Without pictures, return the lines from the one containing "新しいエブリマンシアターでは" through the last line of the data below, exactly.

++++ Records supplied

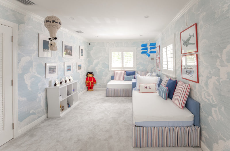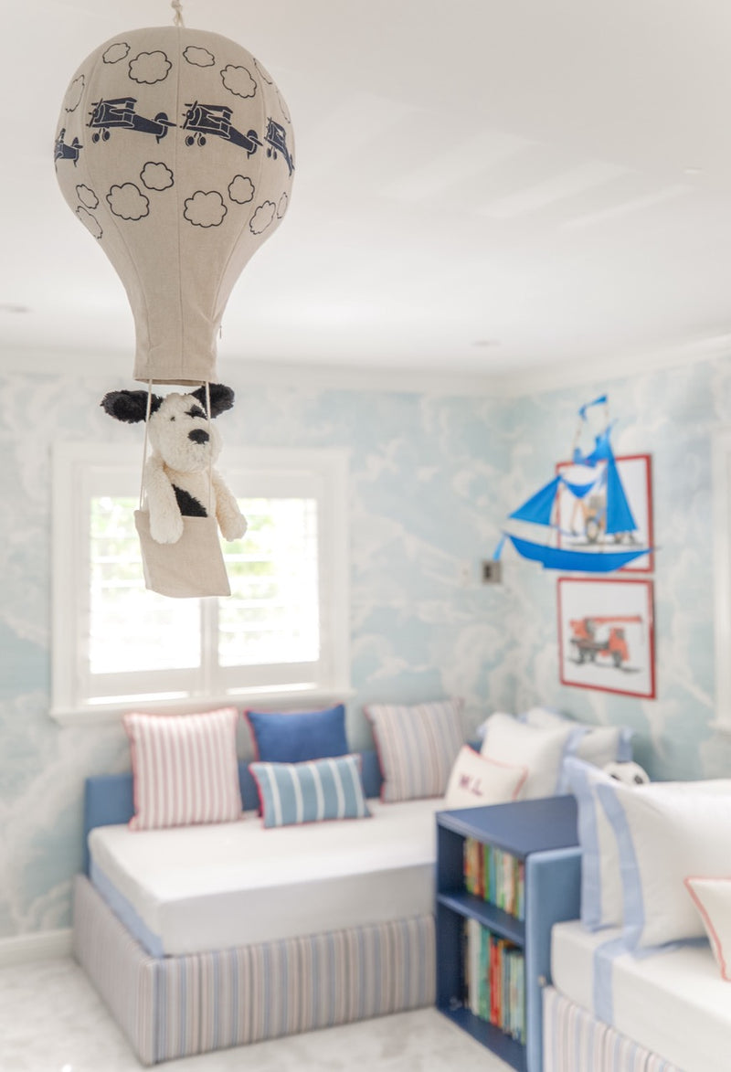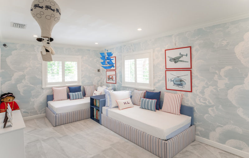 For this twin boys' bedroom, we decided, as usual, to start with the wallpaper, choosing a cloud design to create a magical atmosphere.
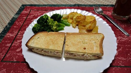 新聞の料理記事に載っていたフライパンでサンドをつくってみました フライパンでサンド タマネギのみじん切りとツナ、マヨネーズ、マスタードを混ぜ合わせたものを、食パンにチーズを敷いた上にぬり、チーズと食パンでサンドしフライパンで押さえるように両…
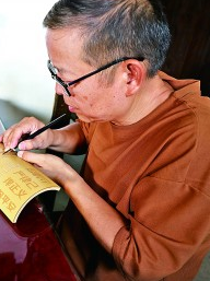 江西省级非遗项目章贡客家竹雕省级代表性传承人郭英雄在制作根雕作品。本报记者 闫汇芳摄
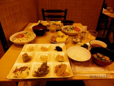 雑誌を見て姉がリクエスト。ランチの時間(13時頃)に行ったら30分待ちと言われて…ランチの時間は14時半までに入れば良いとの事で先に観光する事に。14時過ぎに帰ってきたら待ちも無くスムーズに入る事ができました。料金は1階のレジで先払いです。ズラリと料理が並べられていて少なくなってきたら補給してます。生麩やゆば料理、サラダ・うどん・デザートにグレープフルーツゼリーやプリン・白玉だんごもありました。1時間で2150円は高く感じますが観光地を考えると打倒かな。
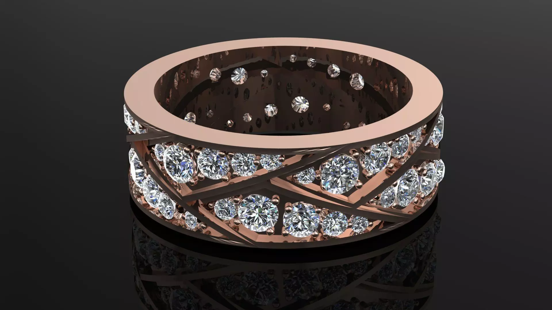 Ring rose gold with diamonds 3D print model
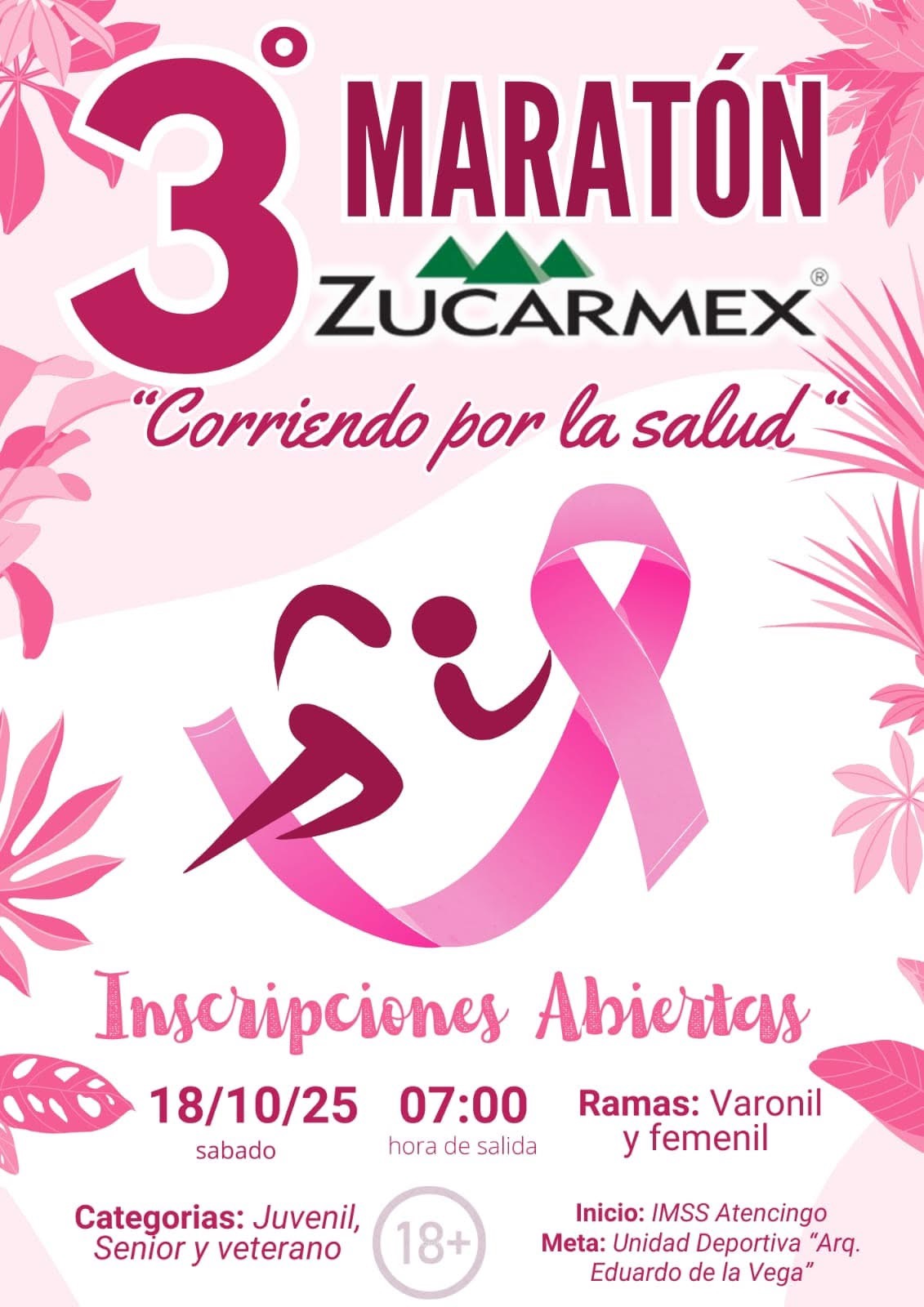 Zucarmex te invita al 3er Maratón “Corriendo por la Salud” ¡Súmate a este gran evento deportivo para toda la comunidad de Chietla!Fecha: Sábado 18 de octubre d.....
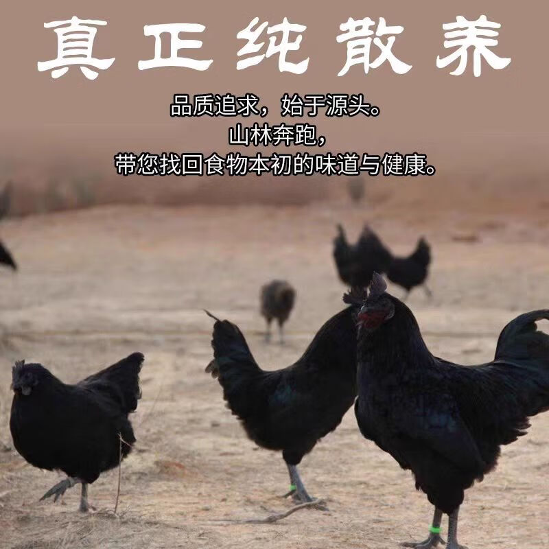 聚天然乌鸡农场散养乌鸡山林散养乌鸡溜达鸡乌鸡送人参七彩菌汤包 乌鸡4只(8斤-9斤)送人参2根+送七彩菌汤包2袋
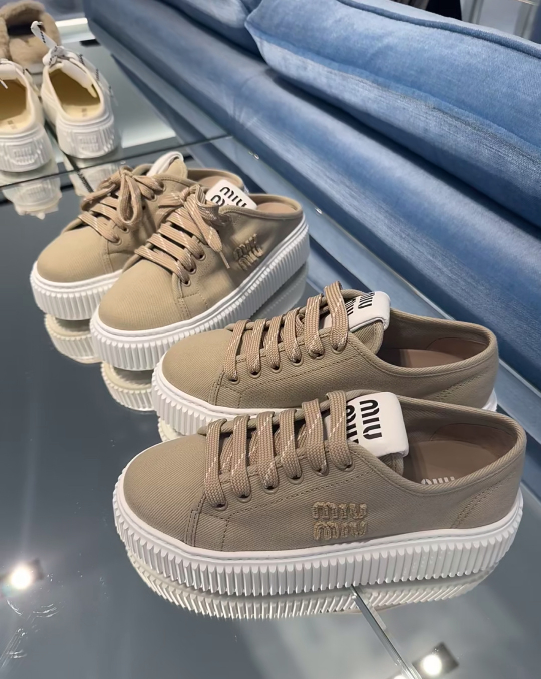 这款鞋子是AAAAA 1:1 质量 (非常棒). 使用了和原版一模一样的材料. 商标部分也保持了和缪缪/Miu Miu一样. 图片拍摄是实物鞋子拍摄, 您所收到的实物保证和我们图片一模一样.
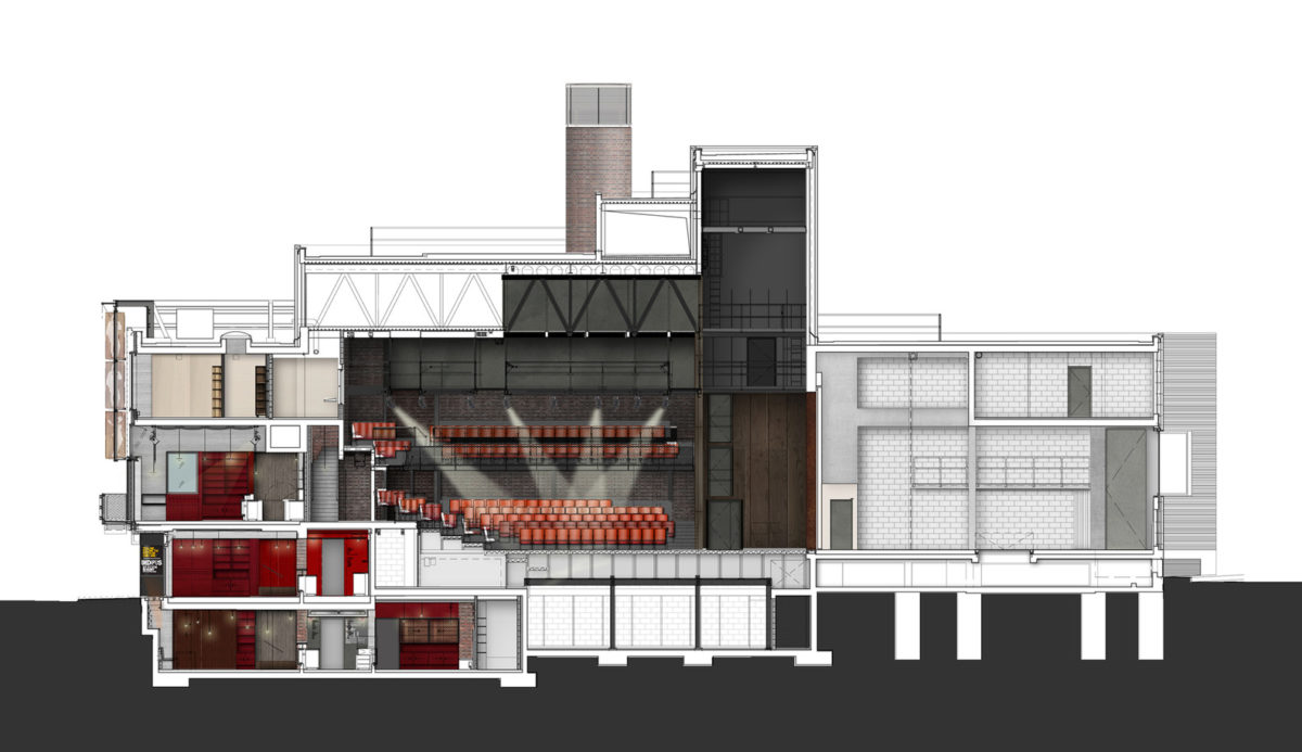 新しいエブリマンシアターでは、元の劇場の古い資材の90%が使用されている。 外壁と4つの大きな換気煙突には、地元の赤レンガが選ばれた。
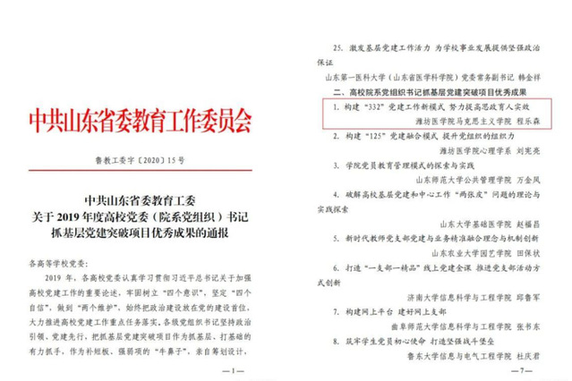 近日,中共山东省委教育工委发文,对全省25个高校党委书记抓基层党建突破项目优秀成果和25个高校院系党组织书记抓基层党建突破项目优秀成果进行了通报表扬。美女图片大全 党总支书记程乐森抓基层党建突破项目成果《构建“332”党建工作新模式 努力提高思政育人实效》抓基层党建突破项目被评选为优秀成果。
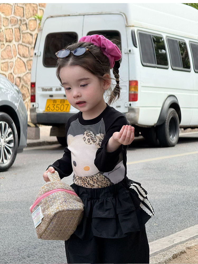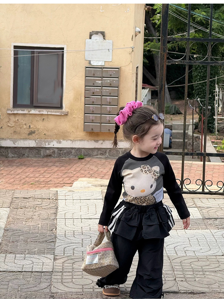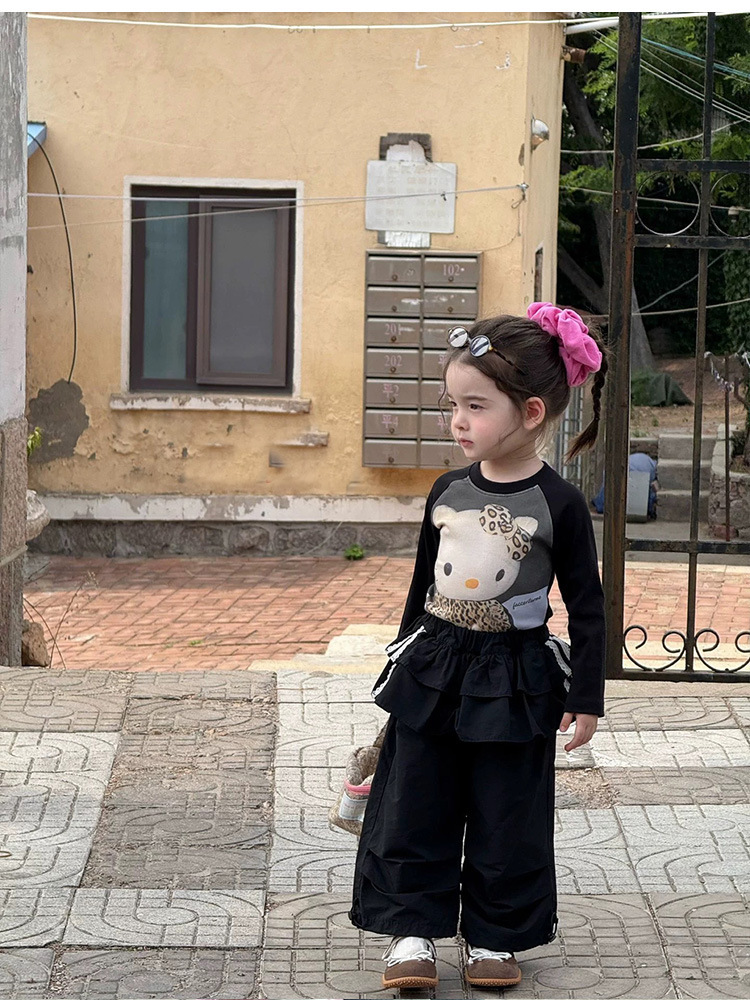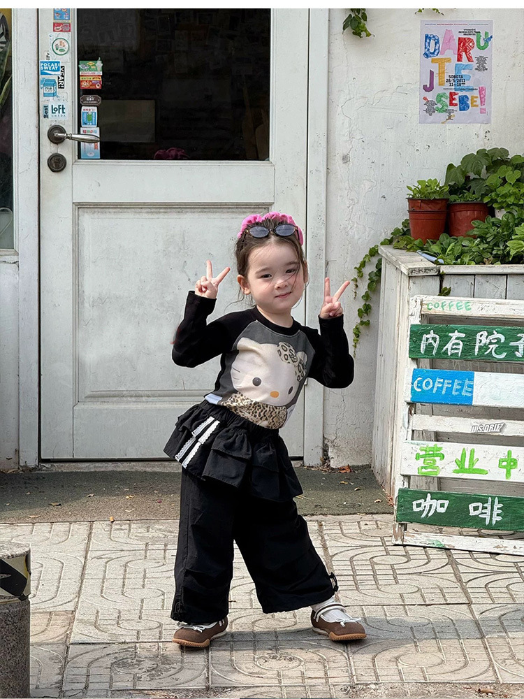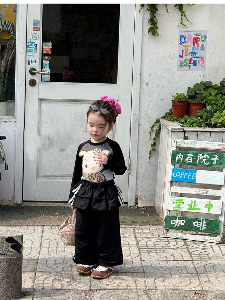 아기 느슨한 작업복 소녀 가을 넓은 다리 바지 2025 새로운 어린이 캐주얼 바지 검은 줄무늬 바지스토어 가기

++++++++

→ **Result of the exercise**:
 新しいエブリマンシアターでは、元の劇場の古い資材の90%が使用されている。 外壁と4つの大きな換気煙突には、地元の赤レンガが選ばれた。
 近日,中共山东省委教育工委发文,对全省25个高校党委书记抓基层党建突破项目优秀成果和25个高校院系党组织书记抓基层党建突破项目优秀成果进行了通报表扬。美女图片大全 党总支书记程乐森抓基层党建突破项目成果《构建“332”党建工作新模式 努力提高思政育人实效》抓基层党建突破项目被评选为优秀成果。
 아기 느슨한 작업복 소녀 가을 넓은 다리 바지 2025 새로운 어린이 캐주얼 바지 검은 줄무늬 바지스토어 가기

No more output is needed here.